# wafer thin chicken & ham



## smudgebiscuit (Jan 25, 2011)

Just wondering if it's ok to give dogs wafer thin chicken & ham?? Had a bit of wafer thin chicken left over & have put some in Mollys kong-it's taken her 10mins to get out & she's loving it!! Never thought of using it before but just wondering if it has too much salt etc??


----------



## Freyja (Jun 28, 2008)

Its ok occasionally as a treat but I wouldn't use it regullary as it does tend to have a high salt content.


----------



## Helbo (Sep 15, 2010)

You can buy fresh meat cut into slices pre-packed or at the deli counter of any supermarket rather than the wafer thin stuff.

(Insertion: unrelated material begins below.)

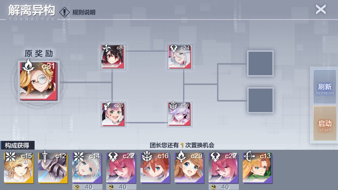 左边的角色是你抽出来的,中间四个是池子里可能会被换到的角色,池子可以无限刷新,刷到一个好池子就点击启动吧

Doesn't cost much more, it's much better for your sarnies, and even better for you're dog if you're going to start sharing


----------



## smudgebiscuit (Jan 25, 2011)

thanks for the replies......i try to vary what Molly gets in her kongs but it gets difficult to think of new things,so i suppose if i only give it her once per week it'll be fine. Will have a look at deli meats-never think of using the deli counter


----------



## babycham2002 (Oct 18, 2009)

I get the liver sausage off the deli counter for stuffing kongs occasionally
Loving making fish4dogs salmon mousse frozen ones at the mo, they last ages!


----------



## SixStar (Dec 8, 2009)

Like said, it'll be fine very occasionally, but it's high in fat and salt. Fresh, cooked (or even better, raw) meats are best.


----------